Em outra cena, a jovem mãe, Sonia (Déborah François), fala sobre um possível emprego de 1.000 euros por mês que fora oferecido a Bruno. “Não trabalho para cuzões”, responde ele, que, diferentemente da namorada, cujo filho alterou sua percepção sobre o mundo, continua o mesmo, o que produzirá graves repercussões na relação.
Quanto vale um filho recém-nascido? Bruno é tentado por uma proposta de 5.000 euros e, numa oportunidade em que está a sós com o bebê, faz uma transação como se tratasse de mais um objeto e não de uma criança. Essa desumanização é muito perceptível quando ele conta à namorada, que entra em estado de choque, seu mais novo negócio. “O que foi que eu te fiz? Pensei que poderíamos fazer outro”, é a melhor justificativa que ele encontra para se explicar.
A partir daí, o protagonista, cuja história já começa em condições muito adversas, desce rolando a ladeira da vida, provocando uma situação de angústia, através da qual o espectador começa a se comparar e questionar de que talvez a vida não seja tão ruim assim quanto pensa.

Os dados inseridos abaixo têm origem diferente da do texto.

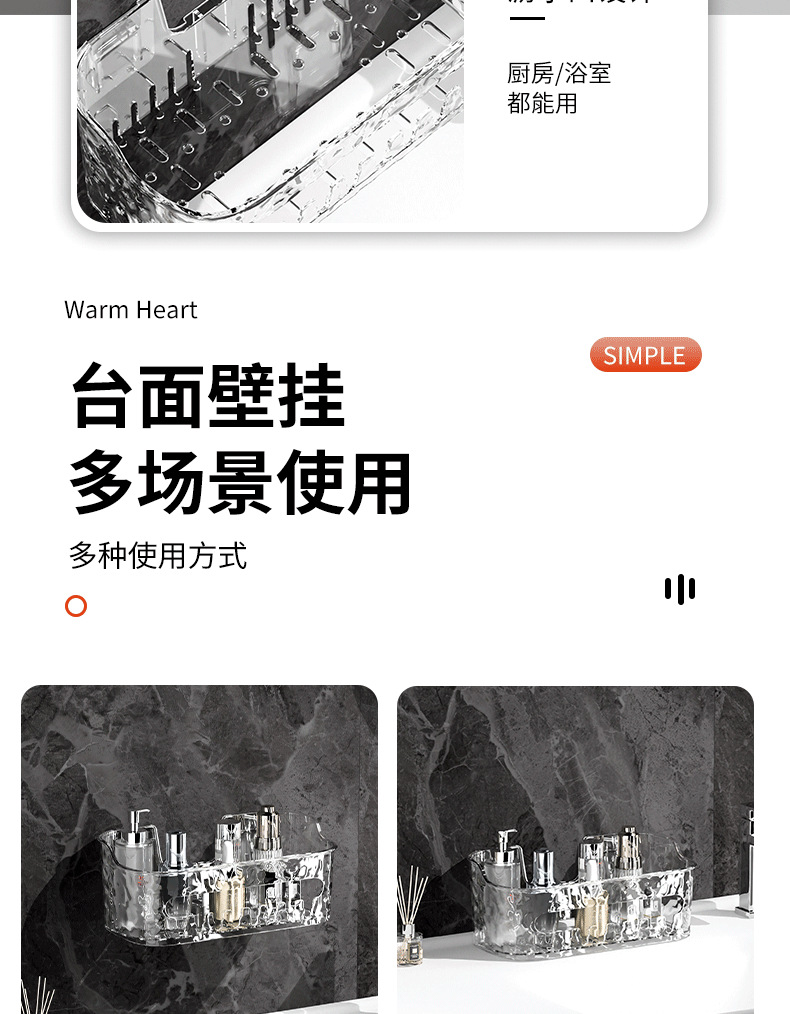 투명한 배수 저장 상자 펀치없는 휴대용 설치 가정용 화장실 벽 장착 화장품 보관 랙

O cinema dos irmãos belgas é caracterizado por um realismo profundo, mediado por uma narrativa seca da realidade. Em A Criança, a fotografia cinzenta é manejada com destreza para reforçar a atmosfera de desamparo que percorre a obra. Diferentemente do que ocorre produções anteriores (Rosetta, 1999 e A Promessa, 1996), o enquadramento é mais aberto, mostrando um cenário de carros e prédios que contribuem para aprofundar o contraste sobre o protagonista. O resultado é sensacional.